Why this matters
When an interviewer says "you mentioned similarity search — how does that work?", they're testing whether you understand the algorithm under your own project. Each item below is: the idea → the DSA primitive → complexity → the one-paragraph answer.
Cosine-similarity twin matching (LandAI)
Each city is a feature vector; the "twin" is the nearest neighbour by cosine similarity = dot product of L2-normalized vectors. Brute force is a matrix multiply; FAISS (IVF/HNSW index) makes it sub-linear at scale.
- Primitive: kNN / vector dot product; top-k via
argpartition(quickselect). - Complexity: O(n·d) brute per query; ~O(log n) or better with an index.
Gradient-boosted trees + TreeSHAP (LandAI)
XGBoost is an additive ensemble: each tree corrects the previous trees' residuals (gradient boosting). Inference walks each tree root→leaf. TreeSHAP computes each feature's signed contribution to a prediction (game-theoretic Shapley values, computed efficiently for trees).
- Primitive: binary tree traversal; greedy split selection at train time.
- Complexity: inference O(#trees · depth) per prediction.

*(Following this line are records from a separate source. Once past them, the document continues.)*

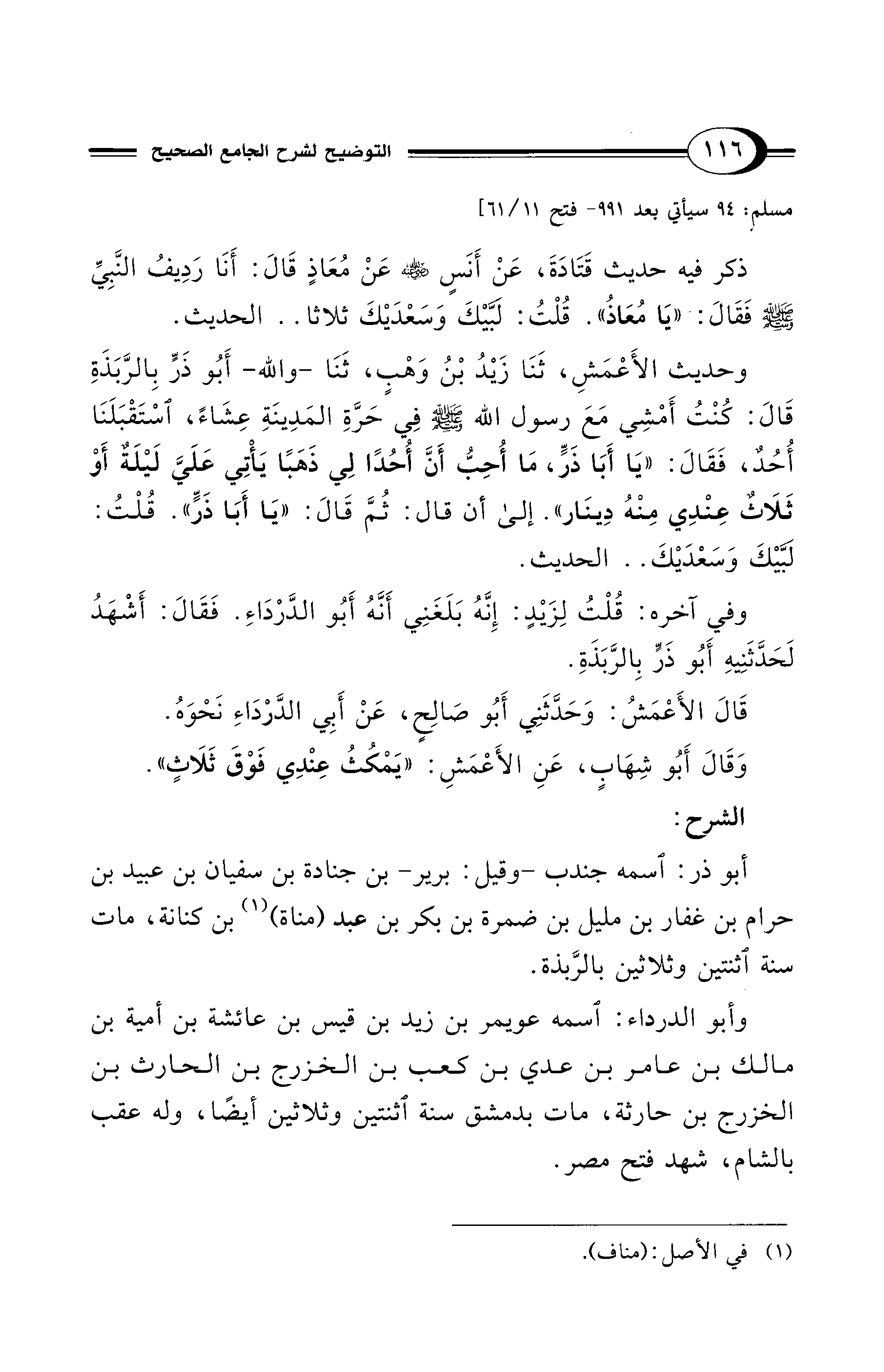 وحديث الأَعْمَشِ، ثَنَا زَيْدُ بْنُ وَهْبٍ، ثَنَا -والله- أَبُو ذَرٍّ بِالرَّبَذَةِ قَالَ: كُنْتُ أَمْشِي مَعَ رسول الله - صلى الله عليه وسلم - فِي حَرَّةِ المَدِينَةِ عِشَاءً، اسْتَقْبَلَنَا أُحُدٌ، فَقَالَ: "يَا أَبَا ذَرٍّ، مَا أُحِبُّ أَنَّ أُحُدًا لِي ذَهَبًا يَأْتِي عَلَيَّ لَيْلَةٌ أَوْ ثَلَاثٌ عِنْدِي مِنْهُ دِينَار". إلى أن قال: ثُمَّ قَالَ: "يَا أَبَا ذَرٍّ". قُلْتُ: لَبَّيْكَ وَسَعْدَيْكَ .. الحديث.
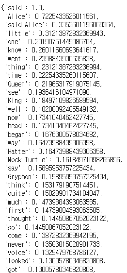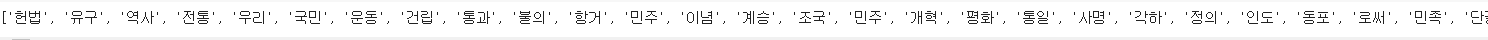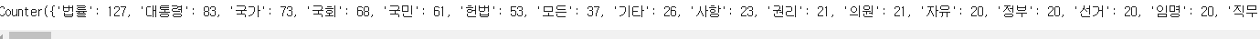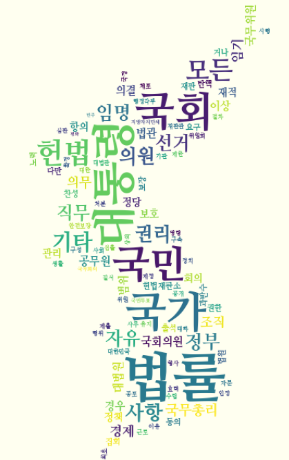 wordcloud = WordCloud(max_words=100,font_path='/usr/share/fonts/truetype/nanum/NanumMyeongjoExtraBold.ttf').generate(text)plt.figure(figsize=(15,10))plt.imshow(wordcloud)plt.axis('off')plt.show()# 불용어 등록. 워드 클라우드로 작성할 단어에서 제외할 단어를 설정from wordcloud import STOPWORDSprint(STOPWORDS)STOPWORDS.add('said') # 쓰지 않을 단어에 등록wordcloud = WordCloud(max_words=100,font_path='/usr/share/fonts/truetype/nanum/NanumMyeongjoExtraBold.ttf',stopwords=STOPWORDS).generate(text)plt.figure(figsize=(15,10))plt.imshow(wordcloud)plt.axis('off')plt.show()from PIL import Imageimport numpy as npalice_mask = np.array(Image.open('/content/drive/MyDrive/study/데이터분석/alice_mask.png'))alice_maskwordcloud = WordCloud(max_words=100,font_path='/usr/share/fonts/truetype/nanum/NanumMyeongjoExtraBold.ttf',stopwords=STOPWORDS,mask = alice_mask,background_color='ivory').generate(text)plt.figure(figsize=(15,10))plt.imshow(wordcloud)plt.axis('off')plt.show()!pip install konlpyfrom konlpy.corpus import kolawtext = kolaw.open('constitution.txt').read()from konlpy.tag import Oktokt = Okt()noun_text = okt.nouns(text)print(noun_text)noun_text.sort(key=lambda x: len(x))print(noun_text)stop_words = ['함','것','제','정','바','그']noun_text = [each_word for each_word in noun_text if each_word not in stop_words]print(noun_text)noun_text = [each_word for each_word in noun_text if len(each_word) > 1]print(noun_text)from collections import Countercount = Counter(noun_text)print(count)data = count.most_common(100)data = dict(data)print(len(data))print(data)# 딕셔너리에 저장된 데이터를 워드 클라우드로 생성하려면 generate_from_frequencies()를 사용wordcloud = WordCloud(max_words=100,font_path='/usr/share/fonts/truetype/nanum/NanumMyeongjoExtraBold.ttf').generate_from_frequencies(data)plt.figure(figsize=(15,10))plt.imshow(wordcloud)plt.axis('off')plt.show()mask = np.array(Image.open('/content/drive/MyDrive/study/데이터분석/korea_mask.jpg'))# 딕셔너리에 저장된 데이터를 워드 클라우드로 생성하려면 generate_from_frequencies()를 사용wordcloud = WordCloud(max_words=100,font_path='/usr/share/fonts/truetype/nanum/NanumMyeongjoExtraBold.ttf',background_color='ivory',mask=mask).generate_from_frequencies(data)plt.figure(figsize=(15,10))plt.imshow(wordcloud)plt.axis('off')plt.show()'데이터분석' 카테고리의 다른 글
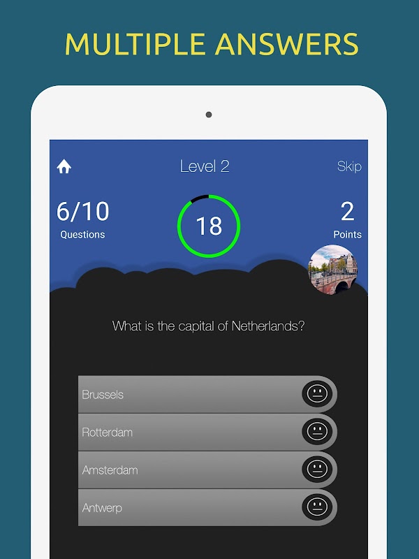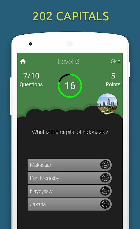 World Capitals Quiz is een effectieve manier om de hoofdsteden van alle landen ter wereld te onthouden. Deze app helpt ook om het algemene bewustzijn over de verschillende landen van de wereld te vergroten. Ontdek hoe vele hoofdsteden die je al kent en leren van de hoofdsteden dat je niet wist.
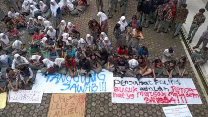 "Sistem buruk. Penipu, penjahat paling busuk adalah penjahat merusak masa depan bangsa. Kami gak layak eligible? Situ layak jadi guru? Tanggung jawab," tulis siswa di spanduk kritikannya.

TF-IDF infrastructure signals (LandAI)
Turn documents into sparse weighted vectors: term frequency × inverse document frequency down-weights common words. Ranking relevant announcements is then cosine similarity over sparse vectors.
- Primitive: hash maps (term → count/weight), sparse dot product.
- Complexity: O(total tokens) to build; O(nnz) per similarity.
Morphology over urban rasters (LandAI)
scipy.ndimage runs connected-components + dilation/erosion over per-year
footprint grids to measure compactness, fragmentation and growth direction — the
same flood-fill/BFS idea as "number of islands", on an image grid.
- Primitive: grid BFS/DFS (connected components); convolution-style passes.
- Complexity: O(pixels).
Technical indicators & DCF (StockVision)
A moving average / EMA over a price series is a sliding-window aggregate —
O(n) with incremental update rather than recomputing each window. A DCF is a
discounted sum: each future cash flow divided by (1+r)^t, summed.
- Primitive: sliding window; prefix/rolling aggregate.
- Complexity: O(n) for indicators over n bars.
Live price tick & leaderboard (StockStump)
Each price update is O(1) (read price, apply delta, write to Redis). The leaderboard is a sorted set (Redis ZSET) — a skip-list/heap-backed structure giving O(log n) updates and O(log n + k) range reads, instead of re-sorting all users on every change.
- Primitive: hash map (O(1) price), ordered set / skip list (leaderboard).
- Complexity: O(1) tick; O(log n) rank update.
"Twin matching is cosine kNN — O(n·d) brute force, fine at 116 cities; I'd move to a FAISS HNSW index for sub-linear queries at a million." That single sentence shows you know the primitive, the cost, and the upgrade path.